The boys’ schools were mostly run by the Christian Brothers order of priests and form the largest part of the report. Many of the girls’ schools were run by orders of nuns, like the Sisters of Mercy. Students sent to these institutions, run often more like prisons or workhouses than schools, came from vulnerable segments of society. Some poor families placed their children there because they were overwhelmed. Other children were sent to the homes after they were caught stealing or missing school, or if they became pregnant— even as a result of incest or abuse. The last of the institutions closed in the 1990’s.

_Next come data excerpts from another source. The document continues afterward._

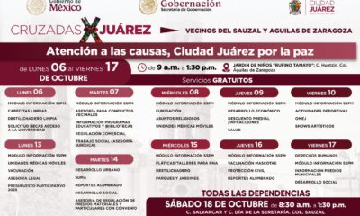 El próximo sábado 18 de octubre se llevará a cabo el programa “Cruzadas por Juárez, Atención a las Causas, Ciudad Juárez por la Paz”, en la...
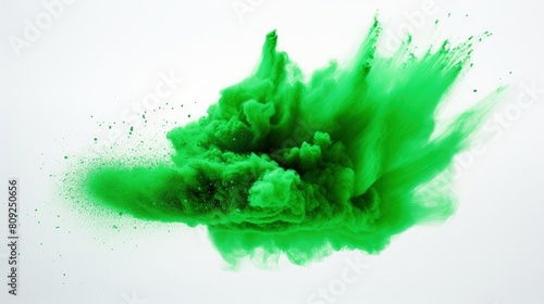 Abstract Green Paint Splatters on White Wall
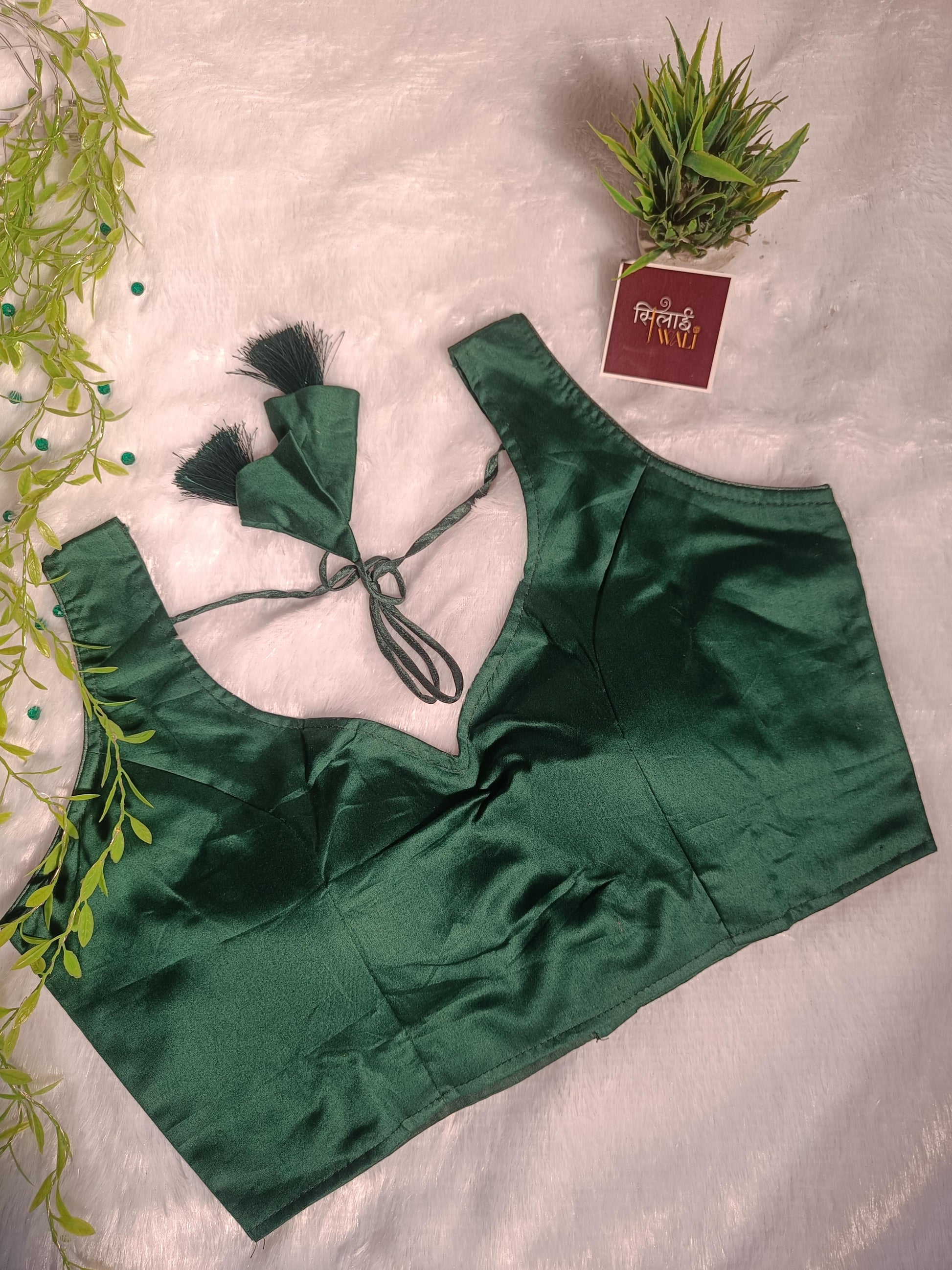 रोजाना फिजा आपके वॉर्डरोब में जंगल की समृद्धि लेकर आती है। सिल्क-ब्लेंड फैब्रिक से बनी यह ब्लाउज मुलायम चमक और बेहतरीन टिकाऊपन प्रदान करती है। इसका कॉन्टूर्ड स्वीटहार्ट नेकलाइन विशेष रूप से सभी बॉडी टाइप के लिए उपयुक्त फिटिंग देने के लिए सिला गया है। गहरा पन्ना हरा रंग एक सदाबहार शाही रंग है। अधिक स्टाइलिंग विकल्प प्रदान करने के लिए, ब्लाउज के अंदर अतिरिक्त स्लीव्स लगाई गई हैं । इसमें डबल टैसल बैक स्ट्रिंग्स हैं, जो इसे शादियों या मंदिर जाने के लिए एक विश्वसनीय और स्टाइलिश विकल्प बनाती हैं।

Some leaders of the religious orders have dismissed the report as a collection of lies and exaggerations. But victims’ advocates say it finally places the blame squarely where it belongs. “While horrific, widespread reports of abuse and coverup are sadly quite common, the significance here is that a government panel is conclusively saying that the finger-pointing and blame-shifting and excuse-making of the church hierarchy is bogus,” said David Clohessy, director of the Survivors Network of those Abused by Priests, a group based in St. Louis, Missouri. “The notion that highly educated church officials didn’t understand abuse or know it was criminal is a sham,” he said in an interview.

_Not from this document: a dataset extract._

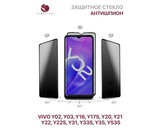 Защитное стекло Privacy антишпион для Vivo Y02, Y03, Y16, Y17s, Y20 Y21 Y22, Y22s, Y31 Y33s, Y35, Y53s полноэкранное с рамкой, Виво У02 У03 У16 У17s У20 У21 У22 У22s У31 У33s У35 У53s

The report also says that in the rare circumstances when the abuse was officially reported— either by the children or their worried parents— the authorities looked the other way.
Speaking of sexual abuse, the report said that sometimes the abusers were moved to other facilities where they could prey on other children. “At worst, the child was blamed and seen as corrupted by the sexual activity, and was punished severely.”
The Most Rev. Vincent Nichols, who is the leader of the Catholic Church in England and Wales, called the revelations “very distressing and very disturbing.” In an interview with ITV news, he said that he felt sympathy for “those in religious orders and some of the clergy in Dublin who have to face these facts from their past, which instinctively and quite naturally they’d rather not look at.” He added: “That takes courage, and we shouldn’t forget that this account today will also overshadow all of the good that they did.” He said that people who perpetrated the abuse should be held to account, and that the system currently in place would bring to light any new cases of abuse.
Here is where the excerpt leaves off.